[About this task]:
When you restate the entries that follow, keep every word exactly and drop the pictures.

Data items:
== == ==
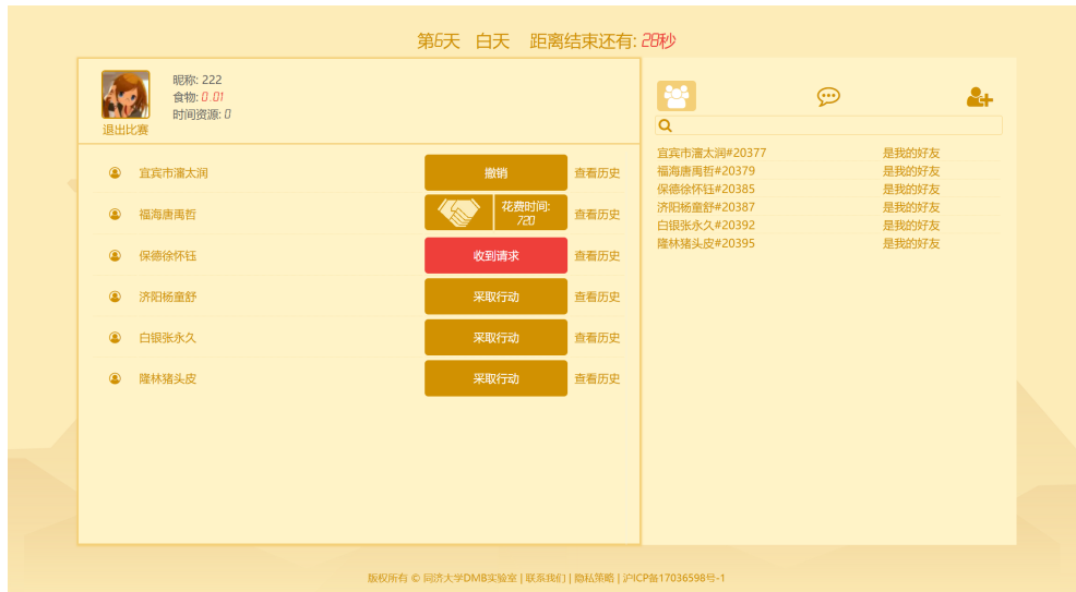
Fig. 4 The main part of the experiment.
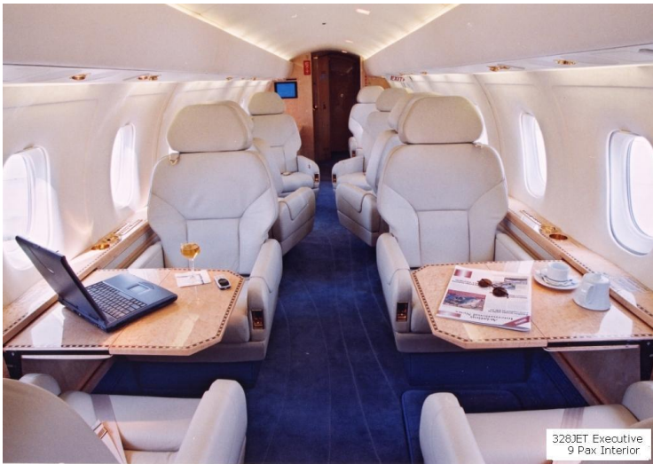
328JET Executive 9 Pax Interior
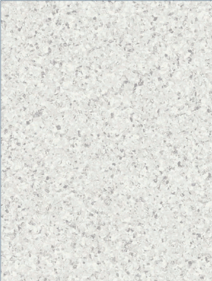
Light Pure Grey
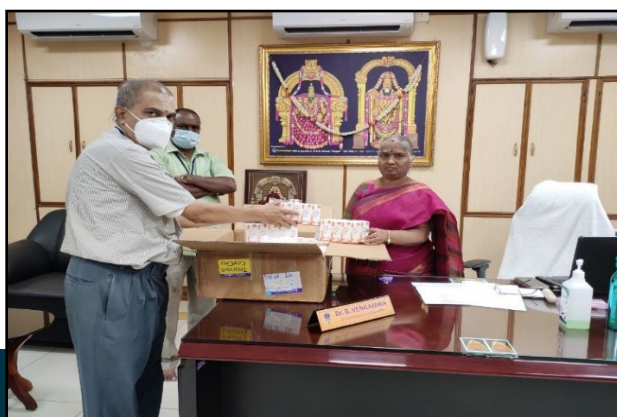
IIT Madras has contributed 1000 units of COVID19 medicines to Sri Venkateswara Institute of Medical Science (SVIMS), Chittoor
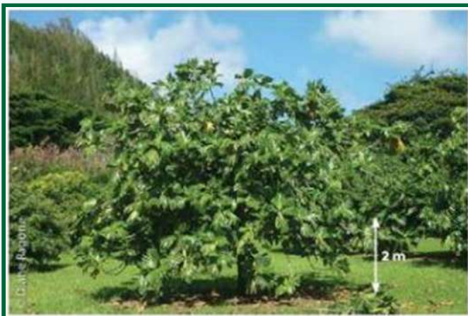
Figure 5b: The first pruning should be done as needed, usually by Year 3 or 4. Prune back to a strong branch union. Take care to remove aggressive shoots and co-dominant leaders. Prune only branches that need to be pruned to shape the tree to an even domed canopy.
== == ==
[The answer]:
Fig. 4 The main part of the experiment.
328JET Executive 9 Pax Interior
Light Pure Grey
IIT Madras has contributed 1000 units of COVID19 medicines to Sri Venkateswara Institute of Medical Science (SVIMS), Chittoor
Figure 5b: The first pruning should be done as needed, usually by Year 3 or 4. Prune back to a strong branch union. Take care to remove aggressive shoots and co-dominant leaders. Prune only branches that need to be pruned to shape the tree to an even domed canopy.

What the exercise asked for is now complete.